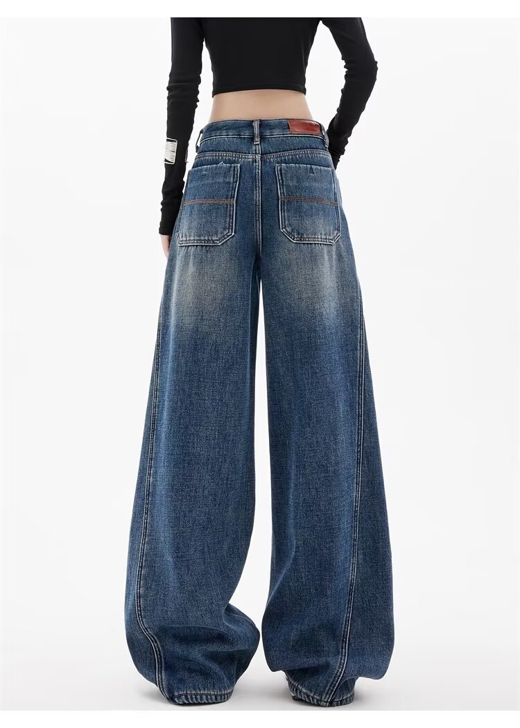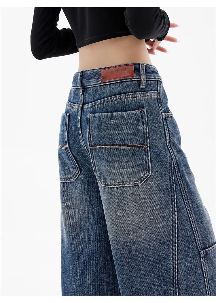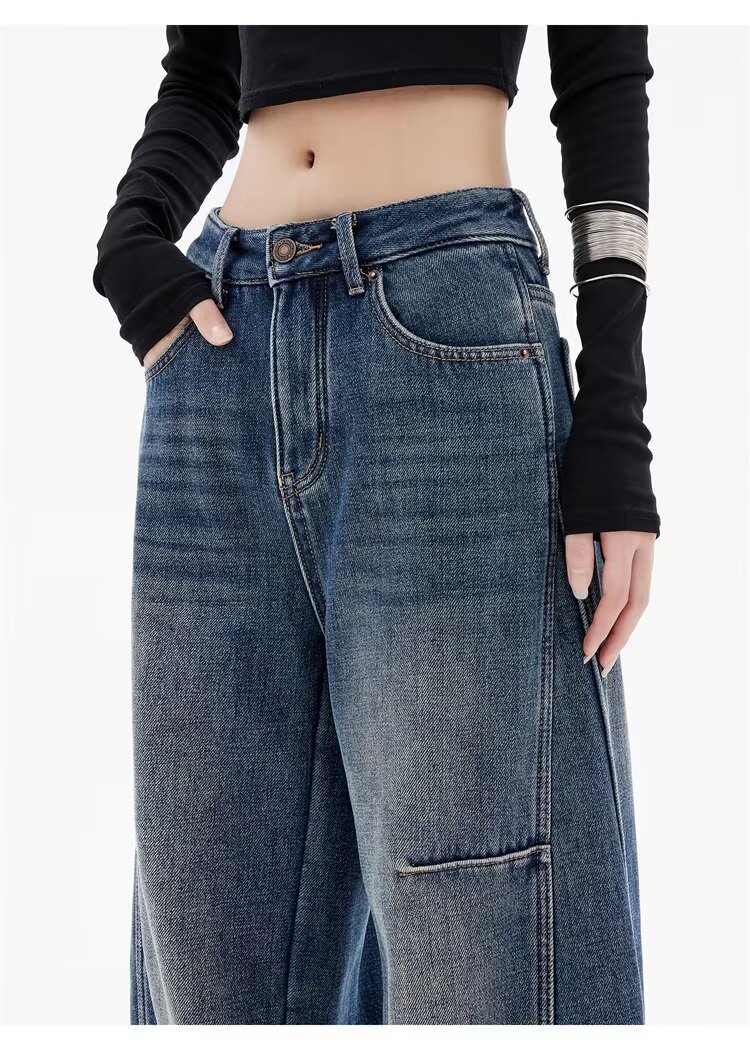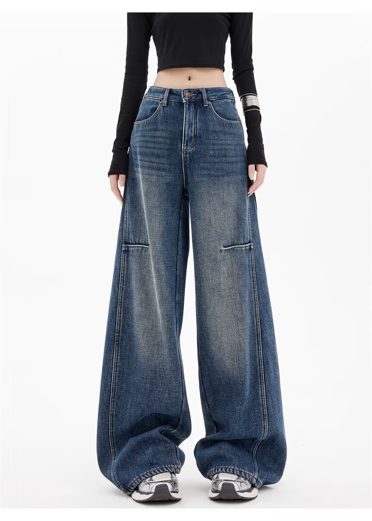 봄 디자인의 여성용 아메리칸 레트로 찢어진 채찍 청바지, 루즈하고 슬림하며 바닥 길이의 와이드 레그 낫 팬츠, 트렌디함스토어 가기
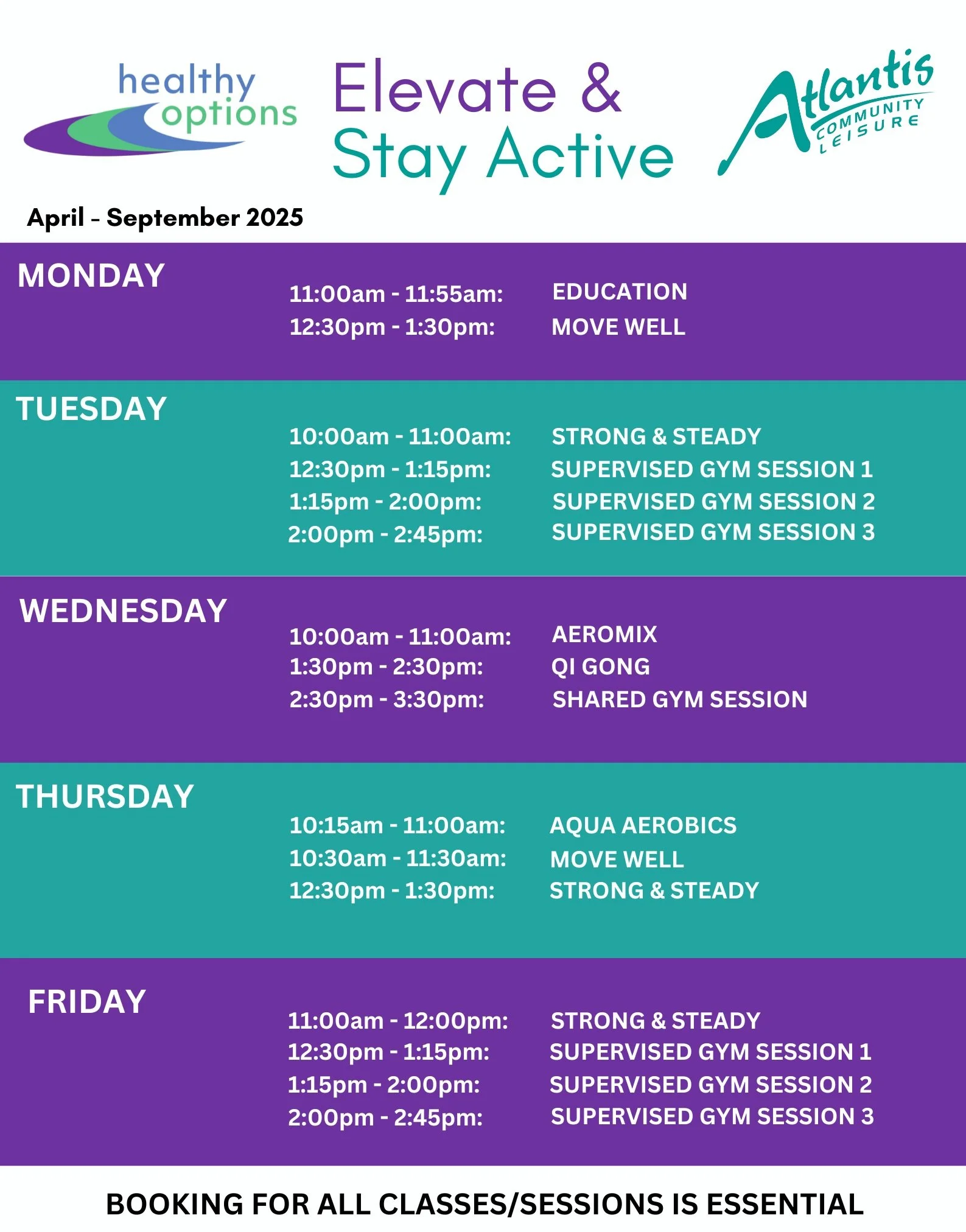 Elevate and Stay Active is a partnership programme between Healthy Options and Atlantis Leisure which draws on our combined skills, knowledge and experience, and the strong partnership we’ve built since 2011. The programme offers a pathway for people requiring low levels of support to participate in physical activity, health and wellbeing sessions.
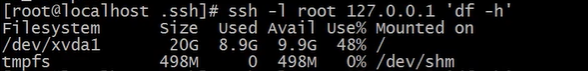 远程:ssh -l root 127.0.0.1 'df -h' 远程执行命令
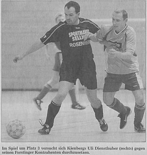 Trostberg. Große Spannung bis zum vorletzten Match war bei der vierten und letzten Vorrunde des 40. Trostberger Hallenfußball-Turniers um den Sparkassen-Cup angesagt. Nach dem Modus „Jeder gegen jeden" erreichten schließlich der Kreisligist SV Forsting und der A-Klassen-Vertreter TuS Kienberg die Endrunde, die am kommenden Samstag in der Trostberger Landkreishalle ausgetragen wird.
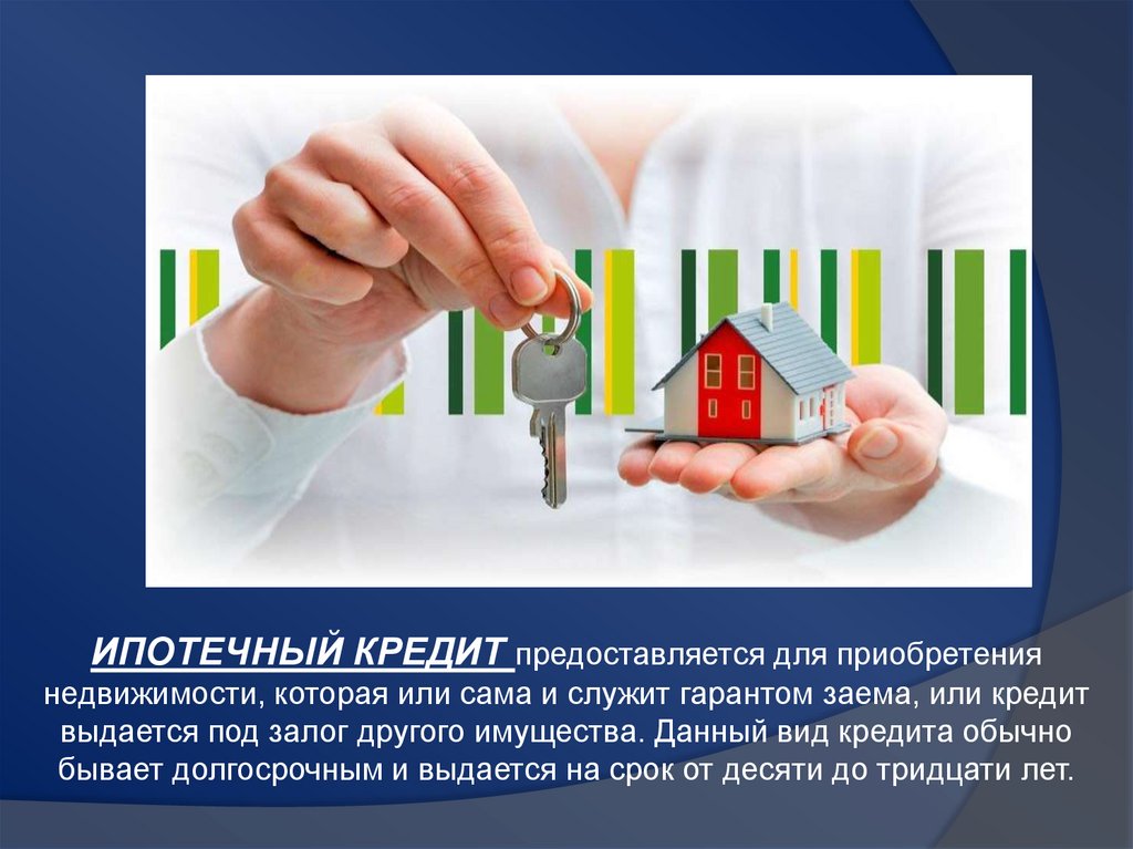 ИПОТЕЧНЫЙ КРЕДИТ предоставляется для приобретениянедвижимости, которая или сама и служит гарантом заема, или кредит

# [Task item]
No pictures should appear in the copy, which holds exactly the lines from the first line of the data through the line with "远程:ssh -l root 127.0.0.1 'df -h' 远程执行命令" and nothing else.

# [Result below]
 봄 디자인의 여성용 아메리칸 레트로 찢어진 채찍 청바지, 루즈하고 슬림하며 바닥 길이의 와이드 레그 낫 팬츠, 트렌디함스토어 가기
 Elevate and Stay Active is a partnership programme between Healthy Options and Atlantis Leisure which draws on our combined skills, knowledge and experience, and the strong partnership we’ve built since 2011. The programme offers a pathway for people requiring low levels of support to participate in physical activity, health and wellbeing sessions.
 远程:ssh -l root 127.0.0.1 'df -h' 远程执行命令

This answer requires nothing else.